When does madness begin, and what causes it? It's difficult to give a diagnosis here. What is it that changes a person's perception? On the one hand, we take sides. We put ourselves in Wozzeck's shoes and see the world the way he sees it. This subjective world of his is strange to us, however. On the other hand we can sense how strange Wozzeck is to us. Wozzeck himself can only experience his environment in this distorted way, it is his reality. We can perhaps assume that he has a distorted perception of things, and that the society surrounding him is perceived by him as monstrous. We see this inner reality as monstrous, but for him it is quite normal.

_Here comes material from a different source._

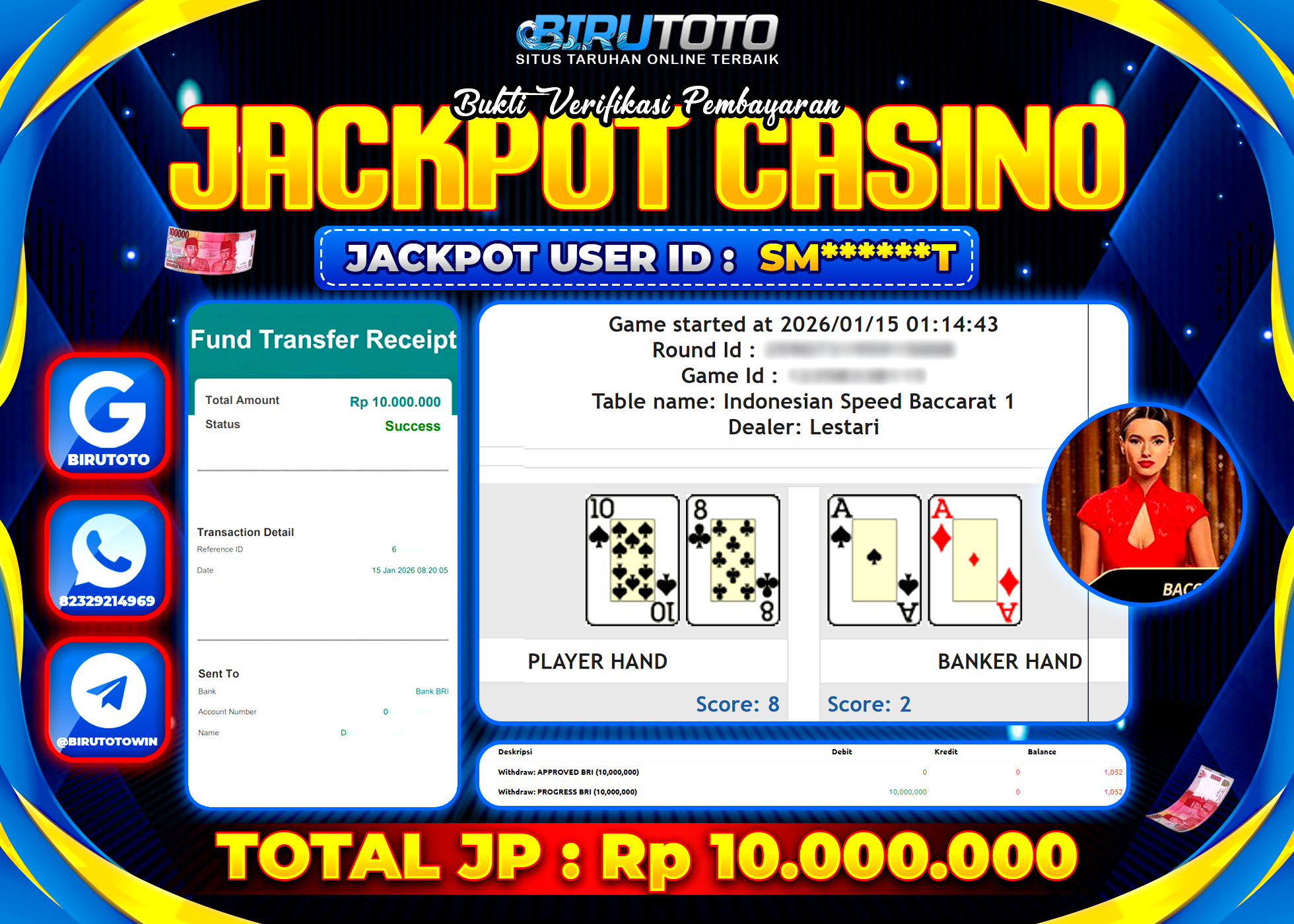 BIRUTOTO JACKPOT LIVE CASINO BACCARAT Rp.30.000.000 LUNAS
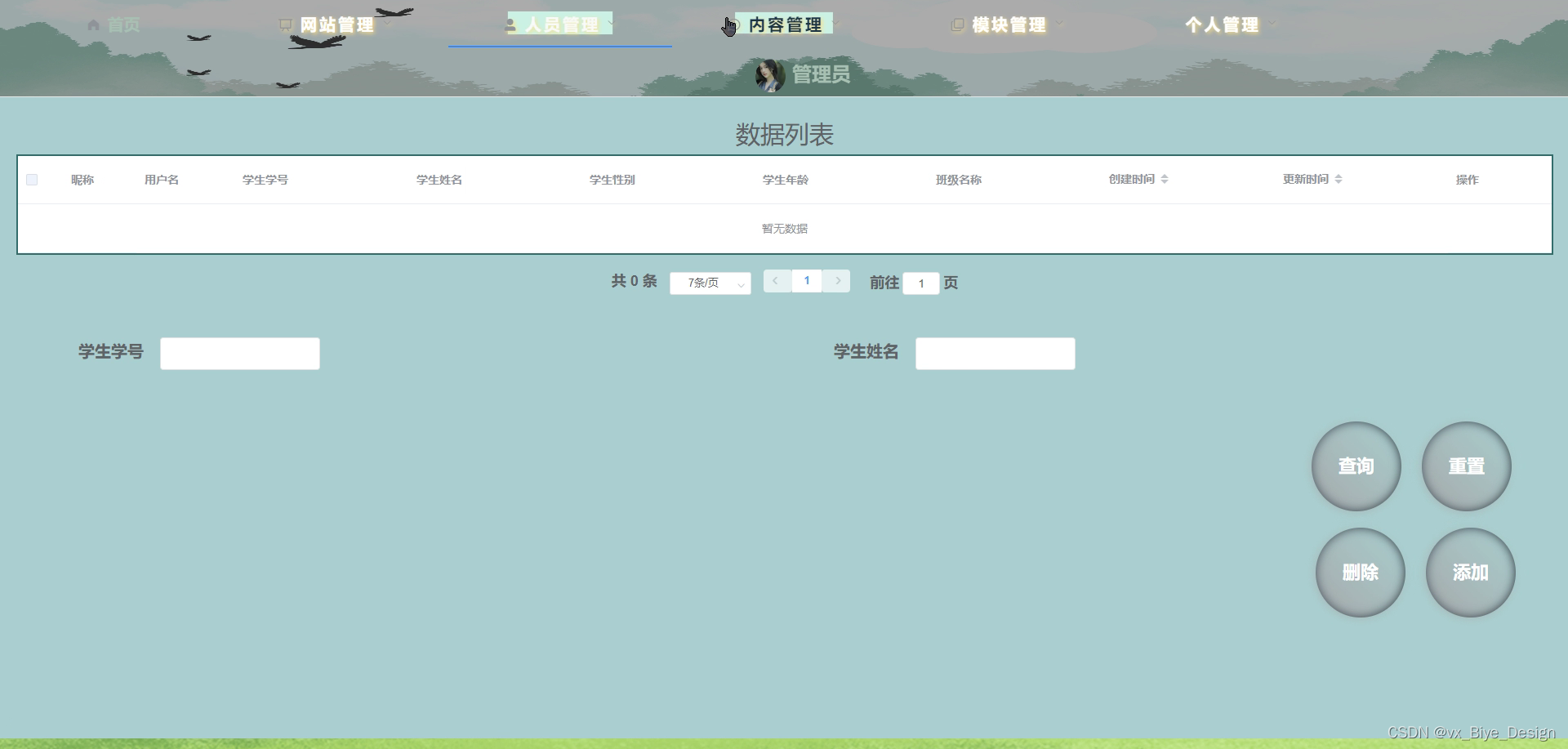 学生管理:可以查看注册学生的信息,并对其进行管理。

Is he closer to us, however, than people we can communicate with in everyday life on a very practical level, more simply than with a doctor or a colonel?
The first question we have to ask ourselves is: how does Wozzeck perceive us? And the answer is, in just as distorted a way as all those who surround him on the stage as monsters. On the other hand we have to deduce from this that we ourselves would have no chance of breaking through the incredibly violent solitude in which this character is imprisoned – because, through Wozzeck's eyes, we are a part of the monstrosity of society. The only people who have remained normal for him are Marie and his son. Our desire to help a person like him is actually rendered impossible by Wozzeck himself – by his distorted perception. This insane view of reality is, however, the result of clear manipulation of Wozzeck as a human being. We actually have no opportunity of hoping that we can help him. We actually belong to what he sees surrounding him – the hostile side of society.